I have a patient who has, so far, beaten his need to continue smoking after many years. Smoking is a very difficult habit to change. Smoking has not only a physical reaction, but also a mental or emotional reaction. I’d like to share a couple of the revelations that my patient shared with our staff.
First, he said that he had no idea how much he could not “smell.” He has heard people talk about how it smells after a rain, but really had no idea what they meant by that. He now knows what they are referring to. He then went on to tell us that he can now tell the difference between different kinds of cheese! Being from Wisconsin, we can appreciate his newly awakened taste buds.

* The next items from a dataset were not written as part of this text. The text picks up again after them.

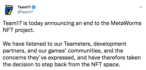 Team 17 might not be the household name that it once was, but for gamers of a certain age, the company is legendary. It developed the iconic Worms series, one of the defining titles of the early console era. Metaworms was supposed to be a generative project based on Worms artwork. Perhaps anticipating a backlash, Team 17 announced that it wouldn’t be energy intensive and that donations would be made to sustainability projects, but this wasn’t enough to stop a barrage of criticism. Some of this even came from other developers who announced that they wouldn’t work with Team 17 again if they proceeded down this route. As the team endured abuse across multiple networks, there was also speculation that Team 17 employees hadn’t been notified of - and weren’t on board with - the NFT plan. In total, the Metaworms projected managed to survive a day before being axed.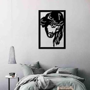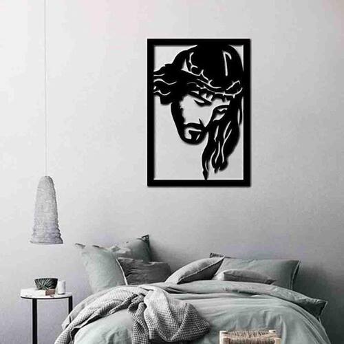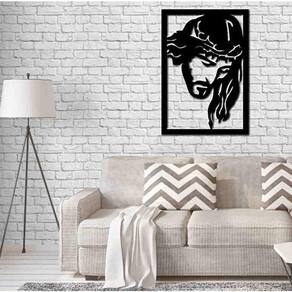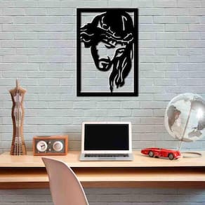 Quadro Decorativo Jesus Cristo 3Mm Vazado Preto - Mdf Cor: preto Tamanho & instalação: Tamanho total: 60cm (altura) x 40cm (comprimento) /a instalação é bem simples, não será preciso fazer sujeira furando a parede pois utilizamos o método bem prático para instalar, contém fita dupla face 3m no verso do quadro.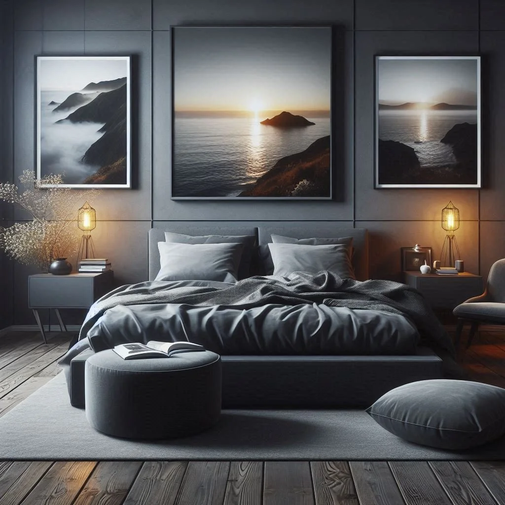 Artwork can transform a dark grey bedroom, elevating the entire space. Black and white photography offers a timeless, minimalist contrast that stands out against grey walls. For a more dynamic look, choose abstract art or colorful pieces that add vibrant pops of color against the moody background. This bold approach infuses personality and energy into the room, creating visual interest and character. Whether you prefer subtle or striking, the right artwork will enhance your space, making your bedroom uniquely yours and visually engaging. Art not only complements the dark grey tones but also reflects your style, turning your bedroom into a personalized, aesthetically pleasing retreat.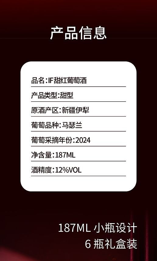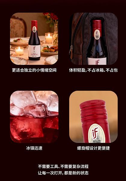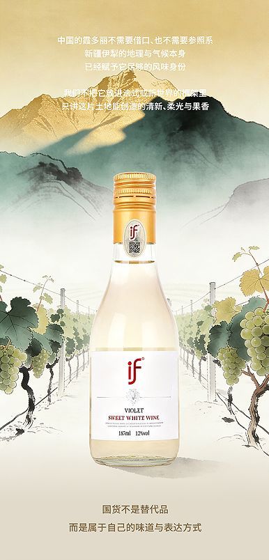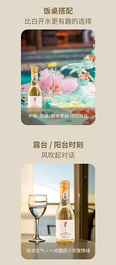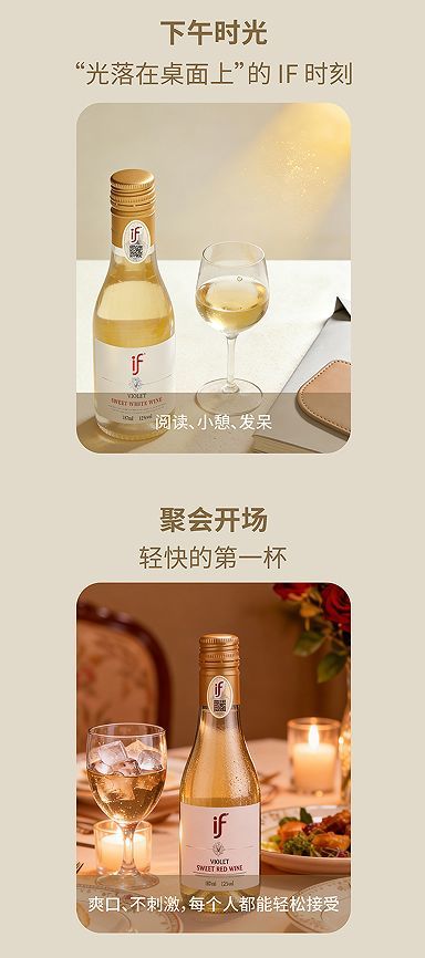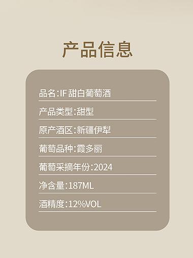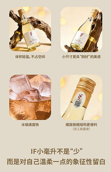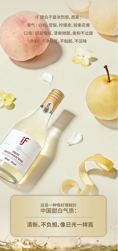 甜白:if甜白——来自天山光里的新疆伊犁霞多丽,白桃雪梨的清新果香配上 187ml小毫升设计,轻盈好携带、不占空间、更少负担地享受一点微甜气氛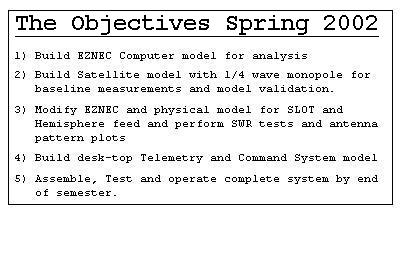 In the spring semester 2002, Midn Patterson (EE Dept) in conjunction with the USNA Small Satellite program under the guidance of LTCL Billy Smith and Satellite Lab Engineer, Bob Bruninga, WB4APR did initial investigations into conformal antennas for such low-drag spherical spacecraft. These showed that the natural resonance of the 17" sphere was near to the amateur satellite band on 146 MHz and if this frequency was used, that the sphere could be used as the antenna itself with no external protrusions. The FIRST SEMESTER objectives below were accomplished in the Spring of 2002.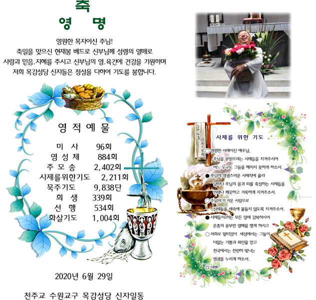 영원한 목자이신 주님! 축일을 맞으신 현재봉 베드로 신부님께 성령의 열매로 사랑과 믿음.지혜를 주시고 신부님의 영.육간에 건강을 기원하며 저희 목감성당 신자들은 정성을 다하여 기도를 봉합니다.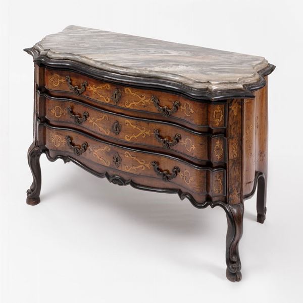 Raro comò in noce di linea mossa sul davanti e sui fianchi, intarsi a volute in legno di bosso sui cassetti e sui montanti. Piano in marmo. Gambe arcuate.

In an article from the National Cancer Institute at the National Institute of Health, entitled “Harms of Smoking and Health Benefits of Quitting,” it lists some of the immediate benefits of smoking cessation, including lower blood pressure and heart rate, improved circulation, and improved sense of smell and taste. The latter two aren’t talked about as much as cancer or coronary artery disease, but for some those may be more tangible.
Think about the next time it rains in the middle of summer. Think about the next time you eat a piece of 20-year-aged sharp cheddar cheese. Smoking cessation will improve your life from day one. Decide to do it, ask for help if you need it, and enjoy all that life offers—one whiff and one cheese curd at a time.